CAMPAIGNS: PRODUCT REBRANDING; Blue is the cola, PR is the game

Client: PepsiCo Agency: Freud Communications Campaign: ‘Project Blue’ Timing: September 1995 - April 1996 Budget: pounds 200m for worldwide rebranding.

Client: PepsiCo

Agency: Freud Communications

Campaign: ‘Project Blue’

Timing: September 1995 - April 1996

Budget: pounds 200m for worldwide rebranding.

Last year Pepsi sold around a third of Europe’s cola drinks but is still

behind its rival Coca Cola and now faces competition from the likes of

Virgin Cola. Pepsi’s UK market share currently stands at 21.3 per cent

against Coca-Cola’s 32.7 per cent.

To reinforce its youthful image, Pepsi’s marketing group came up with a

plan to replace its 12-year-old ‘New Generation’ logo with the

iconoclastic strapline ‘Change the Script’ while extending the blue

livery of its sugar-free Pepsi Max brand across the range.

The campaign surrounding the repackaging is being hailed as one of the

most expensive PR stunts ever.


To turn a re-branding and re-packaging exercise into a total brand



Before the British public had an inkling of the excesses to come, blue

tomato ketchup bottles, strawberries and post-boxes sprung up on poster

sites throughout the country courtesy of Abbott Mead Vickers BBDO.

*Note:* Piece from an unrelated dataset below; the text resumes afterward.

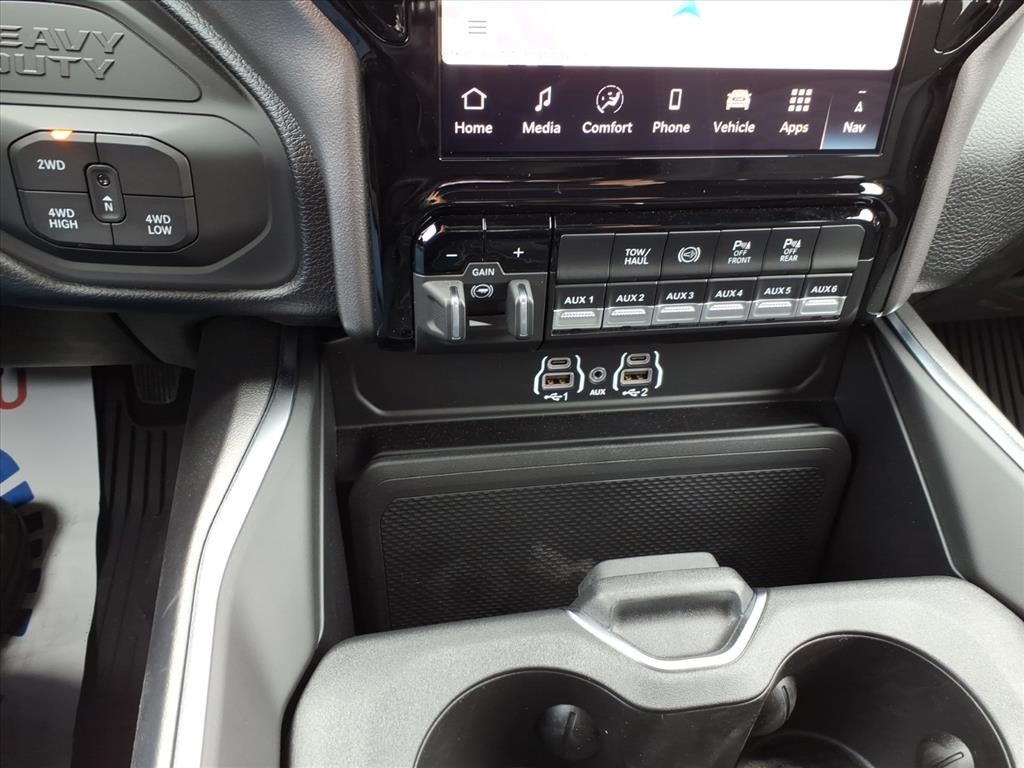 Quick Order Package 24Z Big Horn. Cold Weather Group: Engine Block Heater; MOPAR Winter Front Grille Cover. Big Horn Level 1 Plus Equipment Group: Google Android Auto; SiriusXM Radio Service; For Details Visit DriveUconnect.com; For More Info. Call 800-643-2112; Integrated Voice Command with Bluetooth®; Emergency Vehicle Alert System (EVAS); 12" Touchscreen Display; Glove Box Lamp; Auto Power-Folding Mirrors; Footwell Courtesy Lamp; Mirror Running Lights; MOPAR Deployable Bed Step; Alexa Built-In; Apple CarPlay; Power-Adjustable Convex Aux Mirrors; Forward and Reverse Utility Lights; Locking Lower Glove Box; Remote Start System; 9 Alpine Speakers with Subwoofer; Disassociated Touchscreen Display; Dual Glove Boxes; 2nd Row in Floor Storage Bins; Rear View Auto Dim Mirror; Rear Dome with On/off Switch Lamp; LED Bed Lighting; Connectivity - US/Canada; GPS Navigation; 4G LTE Wi-Fi Hot Spot; GPS Antenna Input; Exterior Mirrors with Heating Element; SiriusXM with 360L; Global Telematics Box Module; Connected Travel and Traffic Services; Foam Bottle Insert (door Trim Panel); Black Exterior Mirrors; Big Horn Instrument Panel Badge; Off-Road Information Pages; Selectable Tire Fill Alert; Trailer Tow Pages; HD Radio; Uconnect 5 Navigation with 12.0" Display Radio; Power Heated Fold Telescopic Mirrors; Exterior Mirrors with Supplemental Signals; Steering Wheel Mounted Audio Controls; Exterior Mirrors Courtesy Lamps; Air Conditioning ATC with Dual Zone Control; MOPAR Spray in Bedliner; Power Adjust Mirrors; Luxury Steering Wheel; Power Telescoping Mirrors. Heated Seats and Wheel Group: Heated Front Seats; Heated Steering Wheel. Dual Rear Wheels: Clearance Lamps; LT235/80R17E BSW All Season Tires; 17" Steel Spare Wheel; Box and Rear Fender Clearance Lamps; Center Hub; 6000# Front Axle with Hub Extension; 17" X 6.0" Polished Aluminum Wheels; Nexen Brand Tires; 14. 000 Lb GVWR; Rear Wheelhouse Liners. Quick Order Package 2UZ Big Horn. Premium Cloth Bucket Seats. 50 Gallon Fuel Tank. Remote Start System. Instrument Panel Mounted Auxiliary Switches. MOPAR Front and Rear Rubber Floor Mats. Rear Wheelhouse Liners. Power 2-Way Driver Lumbar Adjust. Clearance Lamps. **Equipment listed is based on original vehicle build and subject to change. Please confirm the accuracy of the included equipment by calling the dealer prior to purchase.**

The teaser campaign was closely followed by the star-studded TV

campaign, reputed to have cost pounds 2 million, which featured strongly

in the PR-led campaign run by Freud Communications.

The relaunch kicked off with a media event at Gatwick airport on 2 April

with an estimated cost of pounds 8 million.

Four hundred and sixty reporters from 45 countries gathered in a blue

velvet-lined 55,000 sq ft hanger to view an Air France Concorde decked

out in blue livery, while senior Pepsi executives announced the

rebranding, screened the new ads and revealed a deal with youth music

channel MTV in Europe and Latin America.

In line with its tried and tested celebrity strategy, Andre Agassi,

Cindy Crawford ‘the First Lady of Pepsi’ and Claudia Schiffer, stars of

the new TV advertisements were rolled out to confirm that Pepsi had

teen-friendly status. In the run up to the event, the Daily Mirror ran a

series of teaser editorials before going the whole hog on the day and

donning a mauve masthead and blue newsprint in a deal believed to have

cost around pounds 2 million.

A plan to dye Rangers Football Club’s pitch blue for an estimated pounds

100,000 was abandoned when it was realised the stunt was likely to

alienate Celtic fans.


UK media coverage included 74 mins 30 seconds of radio and one and a

half hours of television as well as almost comprehensive press coverage.

Freud put the value of coverage at pounds 1.8 million minus the Mirror

deal, which it values at pounds 1 million.

Judicious leaking of information resulted in previews of the can design,

the ad campaigns and rumours about the painting of Concorde on News at

Ten on 1 April.

International results have yet to be evaluated, but Pepsico claim

saturation coverage with particularly strong results in Eastern Europe.

By 9 April, Pepsi research recorded a 76 per cent awareness of the

colour change, although a Neilsen report leaked to the Sun last week

claimed that Pepsi sales have fallen since the launch.


A wide-ranging campaign which succeeded, not only in pulling in media

from around the globe, but also managed to cloak the fact that a change

of packaging for a soft drink isn’t much to write home about.

A triumph of perception over reality. But will it sell more fizz?